Specify the caddy network to be the external network made by your Caddy compose project, replacing [project] with the relevant name:

networks:
  mailcow-network:
    driver: bridge
    enable_ipv6: true
    ipam:
      driver: default
      config:
        - subnet: 172.22.1.0/24
        - subnet: fd4d:6169:6c63:6f77::/64
  caddy:
    external:
      name: [project]_default

Then, refer to mailcow in your Caddyfile:

:80 {
  root /srv
  proxy /mailcow mailcow:80 {
    transparent
  }
}

Or as an alternate approach, I would define the Caddy service within the mailcow-dockerized Compose file itself, removing the ports from mailcow-nginx and giving them to Caddy instead, and refer to mailcow-nginx from within the Caddyfile.

2 Likes
7

I added mailcow-nginx to the caddy network. Thanks @Whitestrake.

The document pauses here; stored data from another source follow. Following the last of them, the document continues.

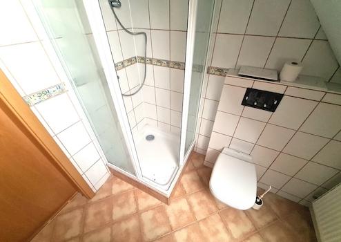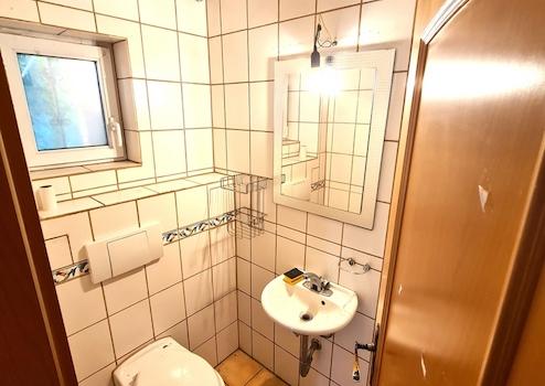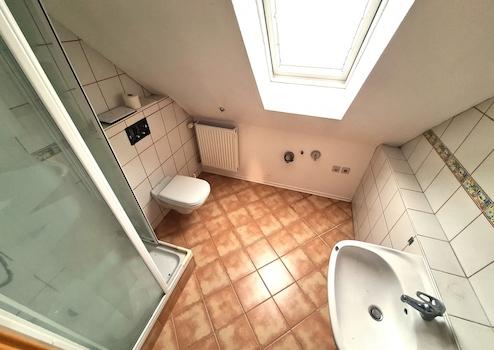 # Tageslicht-Badezimmer mit Dusche, WC, Handwaschbecken und Heizung im OG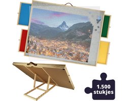 BREND BR-2224 Verstelbare Puzzelplaat met 4 Lades voor 1500 Stukjes - Puzzelbord met transparante Afdekplaat - Puzzeltafel met Vilt en Opbergsysteem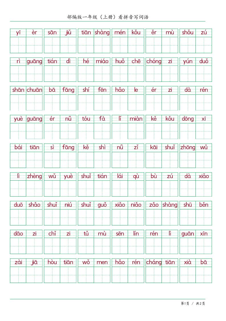 新一上语文教科书里的看拼音写词语(16页)
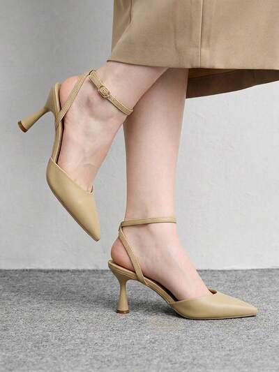 CUCCOO BIZCHIC Women Shoes Pointed Thin High Heel Apricot Back Ankle Strap Slingback Simple Classic Women's High Heel Shoes Daily Versatile Commuter Temperament Fashion Party Women's Slingback Shoes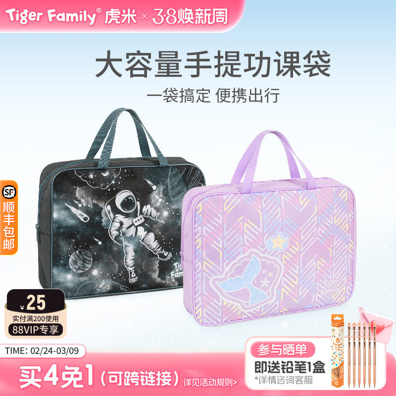 tigerfamily虎米 补习美术袋女小学生书包男手提拎功课外班专用袋
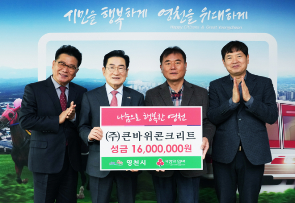 영천시에 지난 9일 ㈜큰바위콘크리트에서 어려운 이웃을 돕기 위해 성금 1,600만 원을 기탁했다.
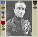 "Edward V. Rickenbacker, Colonel, specialist reserve, then first lieutenant, 94th Aero Squadron, Air Service, American Expeditionary Forces. For conspicuous gallantry and intrepidity above and beyond the call of duty in action against the enemy near Billy, France, 25 September 1918. While on a voluntary patrol over the lines Lieutenant. Rickenbacker attacked seven enemy planes (five type Fokker protecting two type Halberstadt photographic planes). Disregarding the odds against him he dived on them and shot down one of the Fokkers out of control. He then attacked one of the Halberstadts and sent it down also."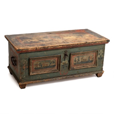 An 18th century pine chest, decorated with prospects and foliage

That still did not work but by adding “without /mailcow” it’s now nearly working.

I finally do arrive on the homepage, but all links are broken because the html/css code miss the “/mailcow” part.

What do I need to make it work perfectly?

For reference that’s what I have in the Caddyfile:

:80 {
  proxy /mailcow mailcow:8080 {
    without /mailcow
    transparent
  }
}

Thanks to you all for helping a newbie.

8

I don’t believe Mailcow has the option of setting a URL base, so you will not be able to reverse proxy it into a folder.

It doesn’t look like you’re doing much else with that site at the moment, so move Mailcow to / and it should work as intended.

:80 {
  proxy / mailcow:8080 {
    transparent
  }
}
9

Thanks again @Whitestrake.

I’ll ask the devs if it’s possible to make changes so we can use it with folder reverse proxy.

10

Good idea. Make sure to make the distinction between a normal reverse proxy and a subfolder (URL base) reverse proxy. Hopefully they are open to the idea.

11

This topic was automatically closed 90 days after the last reply. New replies are no longer allowed.